(Exercise requirements):
Would you please transcribe the records below exactly, leaving out the pictures?
___ Data records
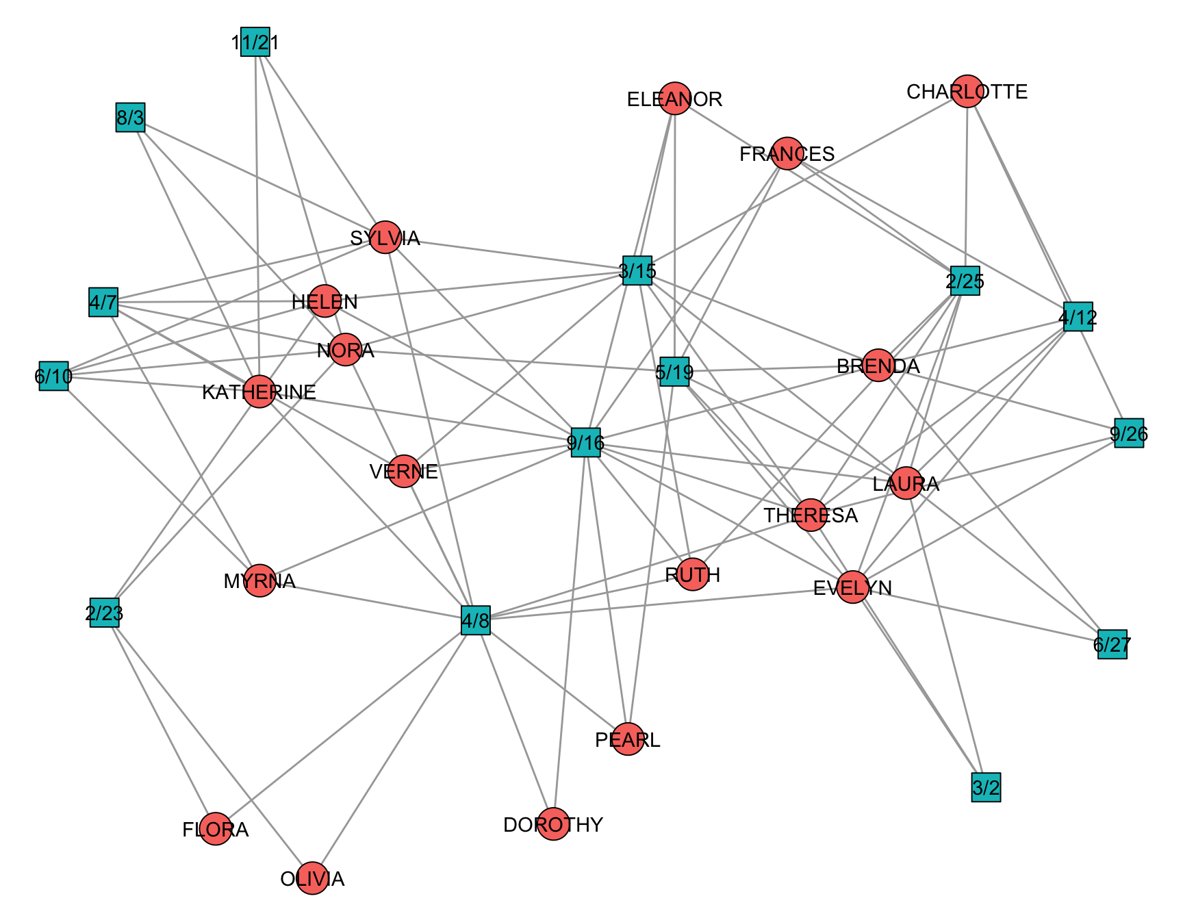 To illustrate methods tailored for two-mode networks, we will use the well-known Southern Women dataset (Davis et al. 2009). This classic dataset records the attendance patterns of 18 women at 14 social events in the American South, and has become a foundational example in network analysis. The network is included in the networkdata package and provides a canonical example of an affiliation (incidence) matrix suitable for demonstrating two-mode network methods and one-mode projections.
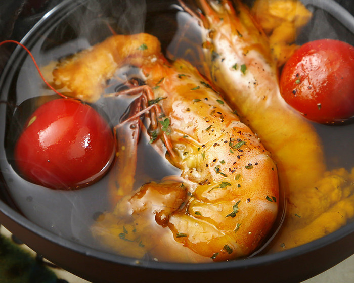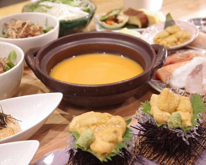 招牌菜為海膽火鍋及流心炸海膽可樂餅,海膽火鍋湯底呈鮮橙色,喝一口已覺鮮味十足。配菜除了可選蔬菜及海鮮組合之外也可選配牛肉,每款均配有海膽刺身,吸盡海膽美味精華後別具滋味。
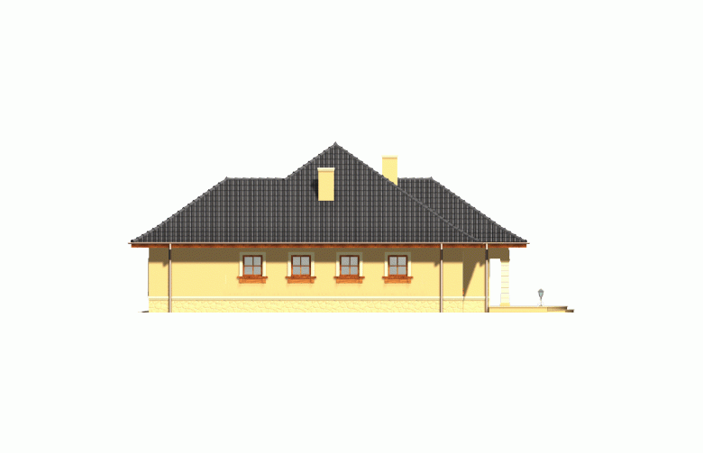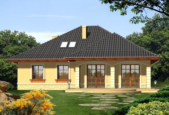 Ściany budynku zaprojektowano z betonu komórkowego z warstwą ocieplenia lub w innej technologii w ramach adaptacji. Strop gęstożebrowy, więźba drewniana, pokrycie dachówką ceramiczną lub cementową. Inne pokrycia w ramach adaptacji. Elewacje tynkowane, elementy fasad okładane płytką kamienną lub tynkowane.
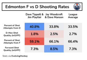Under Woodcroft and Manson, the rate of shots from Oilers defencemen is much closer to league average. Instead of spamming low-danger point shots, the defenceman are shooting more frequently for tips and deflections. The more notable difference is their improvement in shot quality, especially from their forwards.
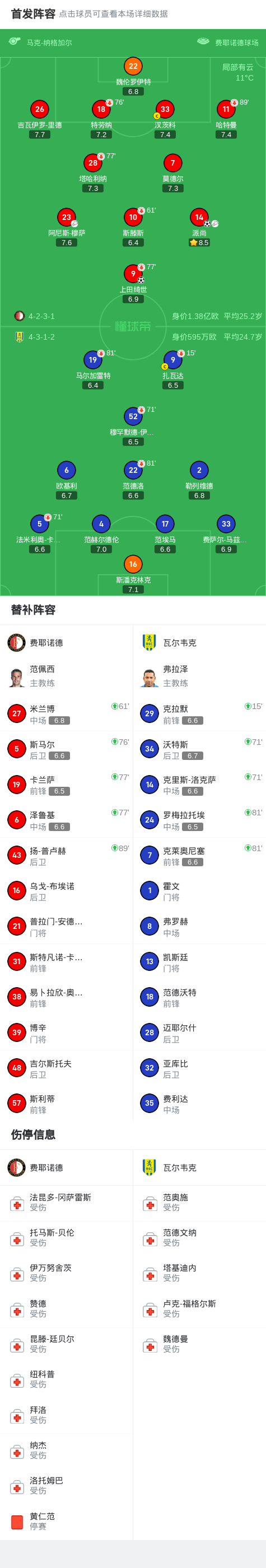 北京時(shí)間5月15日,荷蘭甲級(jí)聯(lián)賽第33輪,費(fèi)耶諾德主場(chǎng)迎戰(zhàn)瓦爾韋克。比賽中,費(fèi)耶諾德憑借派尚的進(jìn)球取得領(lǐng)先,隨后上田綺世再下一城擴(kuò)大優(yōu)勢(shì)。最終,費(fèi)耶諾德以2-0戰(zhàn)勝瓦爾韋克。 精彩瞬間 上半場(chǎng)補(bǔ)時(shí)第4分鐘,費(fèi)耶諾德球員阿尼斯-穆薩助攻派尚打入一球。 第69分鐘,費(fèi)耶諾德球員派尚助攻上田綺世打入一球。 球隊(duì)陣容 技術(shù)統(tǒng)計(jì) ![]() |
______
(Completed exercise):
 To illustrate methods tailored for two-mode networks, we will use the well-known Southern Women dataset (Davis et al. 2009). This classic dataset records the attendance patterns of 18 women at 14 social events in the American South, and has become a foundational example in network analysis. The network is included in the networkdata package and provides a canonical example of an affiliation (incidence) matrix suitable for demonstrating two-mode network methods and one-mode projections.
 招牌菜為海膽火鍋及流心炸海膽可樂餅,海膽火鍋湯底呈鮮橙色,喝一口已覺鮮味十足。配菜除了可選蔬菜及海鮮組合之外也可選配牛肉,每款均配有海膽刺身,吸盡海膽美味精華後別具滋味。
 Ściany budynku zaprojektowano z betonu komórkowego z warstwą ocieplenia lub w innej technologii w ramach adaptacji. Strop gęstożebrowy, więźba drewniana, pokrycie dachówką ceramiczną lub cementową. Inne pokrycia w ramach adaptacji. Elewacje tynkowane, elementy fasad okładane płytką kamienną lub tynkowane.
Under Woodcroft and Manson, the rate of shots from Oilers defencemen is much closer to league average. Instead of spamming low-danger point shots, the defenceman are shooting more frequently for tips and deflections. The more notable difference is their improvement in shot quality, especially from their forwards.
 北京時(shí)間5月15日,荷蘭甲級(jí)聯(lián)賽第33輪,費(fèi)耶諾德主場(chǎng)迎戰(zhàn)瓦爾韋克。比賽中,費(fèi)耶諾德憑借派尚的進(jìn)球取得領(lǐng)先,隨后上田綺世再下一城擴(kuò)大優(yōu)勢(shì)。最終,費(fèi)耶諾德以2-0戰(zhàn)勝瓦爾韋克。 精彩瞬間 上半場(chǎng)補(bǔ)時(shí)第4分鐘,費(fèi)耶諾德球員阿尼斯-穆薩助攻派尚打入一球。 第69分鐘,費(fèi)耶諾德球員派尚助攻上田綺世打入一球。 球隊(duì)陣容 技術(shù)統(tǒng)計(jì) ![]() |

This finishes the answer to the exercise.